The invention discloses an image recognition method based on deep course learning, which belongs to the field of image recognition and comprises the following steps: constructing teacher and student networks based on the deep convolutional neural network; training the teacher network by using the training samples to carry out image classification training, and predicting the probability that the training samples belong to each category; calculating the difference between the prediction and the label of the teacher network to update the parameters; transmitting the forecast information to a student network; training a student network; guiding the student network training by using the prediction information result of the teacher network; calculating a difference update parameter between a student network prediction result and a label; completing student network classification training; the training student network realizes the identification and classification of the images. The invention simulates the process of easy-to-get-difficult learning of human beings, has reasonable training process, greatly reduced workload and quick network parameter updating, and has higher prediction precision and more reliable and stable performance due to the influence of gradient difference unbalance samples generated by different samples.

Description

Image recognition method based on deep course learning
Technical Field
The invention relates to the technical field of image recognition, in particular to an image recognition method based on deep course learning.
Background
Due to the large increase in computational power and the increase in training data, the training conditions of the deep neural network are satisfied, and due to the strong fitting capability, the deep neural network achieves the best effect in many tasks. However, since parameters of the deep neural network are updated based on a large number of samples, the samples play a critical role in the training process. Therefore, the training work intensity is high, the training process is complex, and the parameter updating of the deep neural network is slow.
Meanwhile, the deep convolutional neural network calculates the gradient of each parameter according to the prediction result of the training sample and the correctly classified labels by the deep convolutional neural network, and then the generated gradient is used for updating the network parameters. In the prior art, the difference between the predicted result and the correct labeling is large, so that the deep convolutional neural network is punished, and the true labeling result cannot be fitted.

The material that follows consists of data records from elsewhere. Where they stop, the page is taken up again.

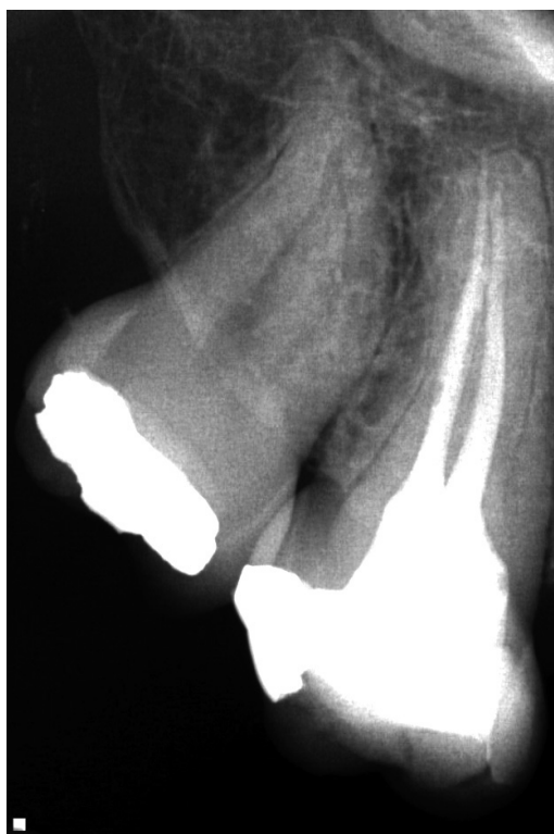
Slika 3. Definitivna opturacija zuba 17 sa dva korenska kanala

menta kanali su irigirani sa po 2 ml 1% rastvora NaOCl (Semikem, Sarajevo, BiH), a nakon završene celokupne hemomehaničke obrade, finalno irigirani sa 2 ml 17% rastvora EDTA (Pulpdent EDTA Solution; Pulpdent, Watertown, MA) u trajanju od dva minuta i posušeni sterilnim papirnim poenima (Dentsply Maillefer, Ballaigues, Švajcarska). Nakon toga, određeni su glavni gutaperka poeni i kanali su opturirani pastom Syntex (Syntex, Ceramed, Poljska) koristeći modifikovanu monokonu tehniku (Slika 3). S obzirom da kod pacijenta nije bila prisutna postoperativna osetljivost nakon endodontskog tretmana, upućen je na odeljenje Stomatološke protetike, Medicinskog fakulteta u Foči, kako bi se pristupilo izradi fiksne protetske nadoknade u gornjoj vilici.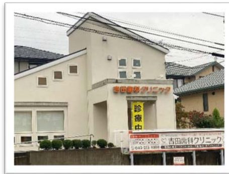
吉田歯科クリニック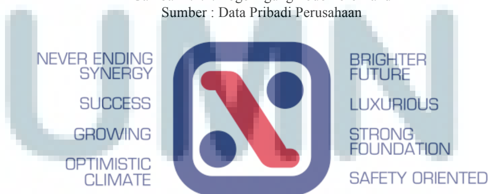
Gambar 2.1.1. Identity Philosophy APL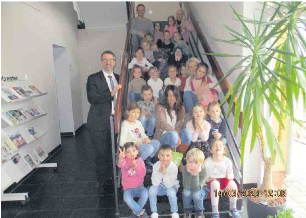
Vorschulkinder der Kindertagesstätte Abenteuerland Vettweiß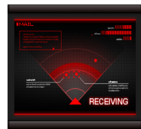
【着信、メール受信画面等】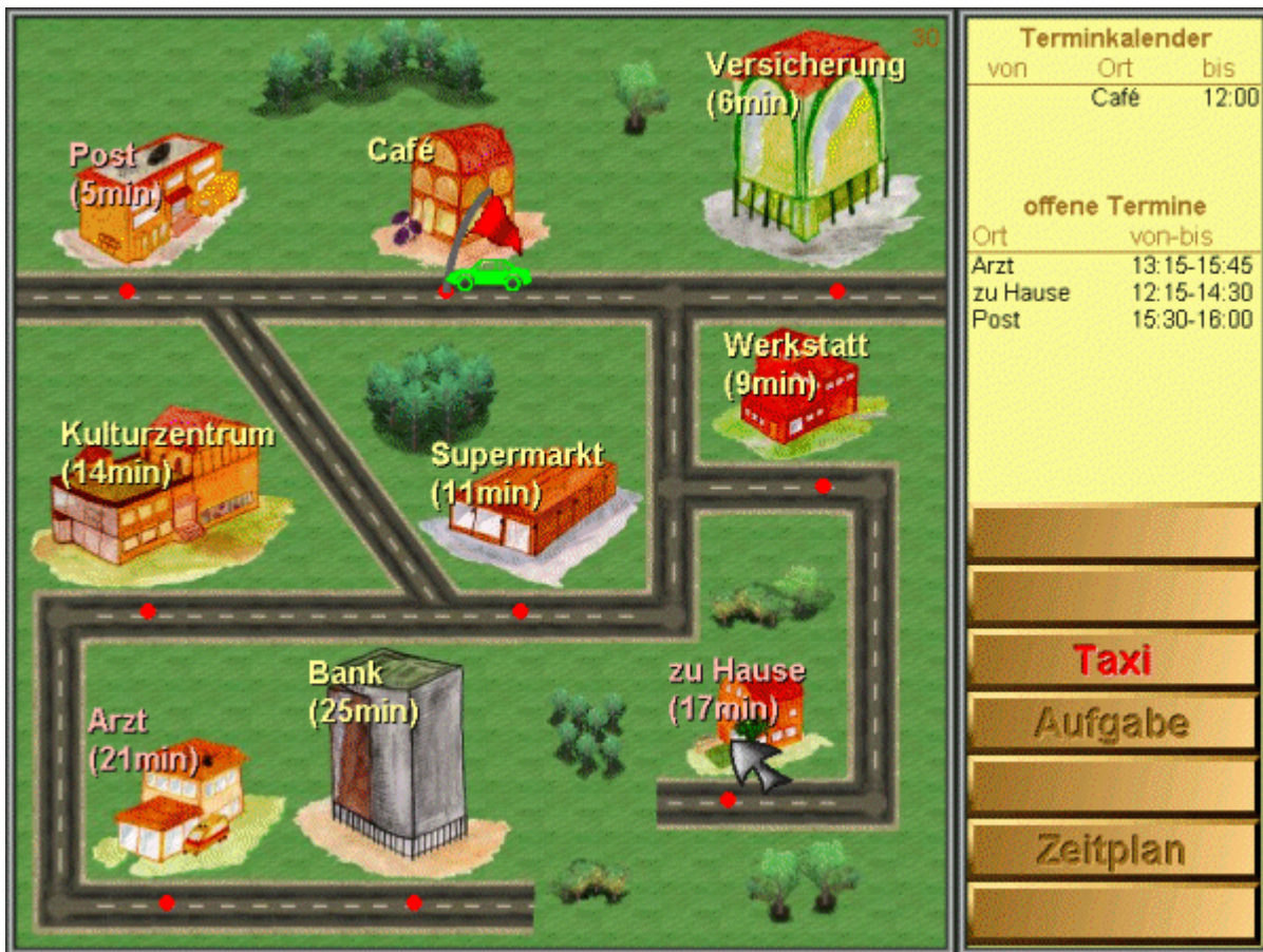
Abbildung 4: Taxisymbol und Wegzeiten im Schwierigkeitsgrad 30.

Hat der Patient die Planungsaufgabe beendet, ist die Funktionstaste fertig zu betätigen. Bei einer fehlerhaften Lösung erscheint eine differenzierte Fehlermeldung. Es wird gefragt, ob eine Korrektur gewünscht wird. Bei Bestätigung (Taste Ja ) erscheint erneut die letzte Aufgabe, die mittels Funktionstaste zurück korrigiert und neu entschieden werden kann. Ansonsten wird die Aufgabe bewertet und zum nächsten Schwierigkeitsgrad informiert.

Therefore, an image recognition method which is simple in training process, fast in parameter updating of the deep neural network and capable of fitting the real labels of the images is urgently needed.
Disclosure of Invention
The invention aims to provide an image recognition method which has simple training process, fast parameter updating of a deep neural network and capability of fitting the real annotation of an image, and the invention comprises the following steps:
an image recognition method based on deep course learning comprises the following steps:
s10, constructing a teacher network and a student network based on a deep convolutional neural network;
s20, performing image recognition and classification training on the teacher network by using a training sample; the teacher network learns the training samples and predicts the probability that the training samples belong to each category;
s30, calculating the difference between the prediction information result of the teacher network and the training sample label by using a cross entropy loss function, and updating the parameters of the teacher network;
s40, transmitting a predicted information result of the training sample to the student network by the teacher network;
s50, performing image classification training on the student network by using the same training sample;
s60, guiding the student network to train by taking a predicted information result of the teacher network on the training sample as a judging basis of difficulty level;
s70, calculating the difference between the student network classification prediction result and the training sample label by using a BLCL loss function, and updating parameters of the student network;
s80, completing the student network classification training;
and S90, based on the training-completed student network, the identification and classification of the images are realized.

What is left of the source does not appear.